Back to the goal of building houses.

Perhaps the best advice for this situation, and potentially something that will help your wife feel better, is to increase the budget for building your home. Buying homes and moving always comes with surprise expenses, but those bills could potentially be bigger when the house is being built. Does that $ 850,000 include emergency costs that you might have to pay if the renovations don’t go as planned?

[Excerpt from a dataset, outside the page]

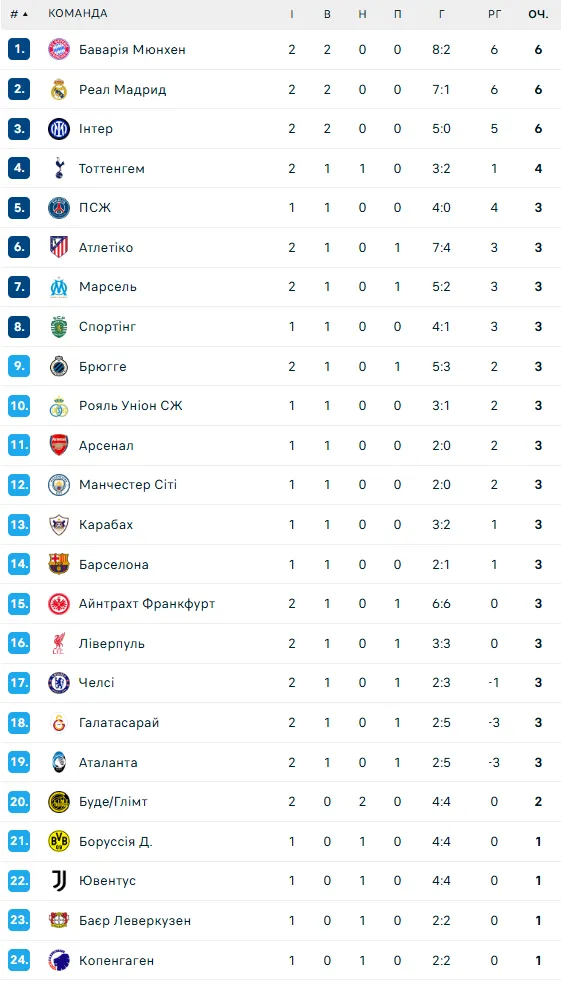 Результати всіх матчів Ліги чемпіонів 30 вересня

Have a 20% contingency fund, said Danielle Harrison, a certified financial planner at Harrison Financial Planning and a former commercial lender who has worked with individuals who build custom homes. “When building it is very easy to think that you have taken everything into account, but when you go into the building process you will find that it is very easy to upgrade parts because it is cheaper to do this during the construction phase that down the line after you build the house For example: wiring for audio systems, more durable paint and flooring, extra tools for those times when you get into DIY.

Read the MarketWatch column “Retirement hacks” for practical advice for your own retirement savings journey

Due to your age, you may also want to consider ways this house can work for you as you get older. So many Americans would rather age at home, but their homes aren’t laid out to accommodate that, so consider designs like fewer stairs and wider door frames.

Pay close attention to your approach to paying for the house. Using a mortgage instead of withdrawing investments is a good strategy, Peterson said, because it will minimize or eliminate the tax consequences. We are also living in an era of historically low mortgage rates, Harrison said. She said she often encouraged individuals to go for a 30-year, 15-year mortgage because the interest rate difference is minimal and provides more flexibility for homeowners, but just check to see if there would be any early repayment penalties. Otherwise, you could always pay off the loan faster if it made you or your wife more comfortable.

I know you said you both discussed this new venture at length, but you may need to keep talking about it a bit more, Peterson said. It is not uncommon for couples to disagree on how to spend their money, even if they have large sums saved and share long-term goals, and it is understandable to be reluctant to make any decisions. very important purchases.

“For people who have built up a big nest egg like this couple, it can be very difficult to shift gears and feel comfortable spending the funds they have worked so hard to save,” Harrison said. . She suggests working with a licensed financial planner and, if you need help, maybe even a licensed financial therapist who can help clients overcome concerns and deep feelings about money.

Money is a personal and sometimes scary thing, and as you have already noted, everyone has unique experiences with how they have been taught to perceive or use it. While that hiccup might seem frustrating right now, it’s good that you have each other – you seem to be balancing yourself out, which ultimately won’t help either of you worry about running out of money or never spend it in retirement.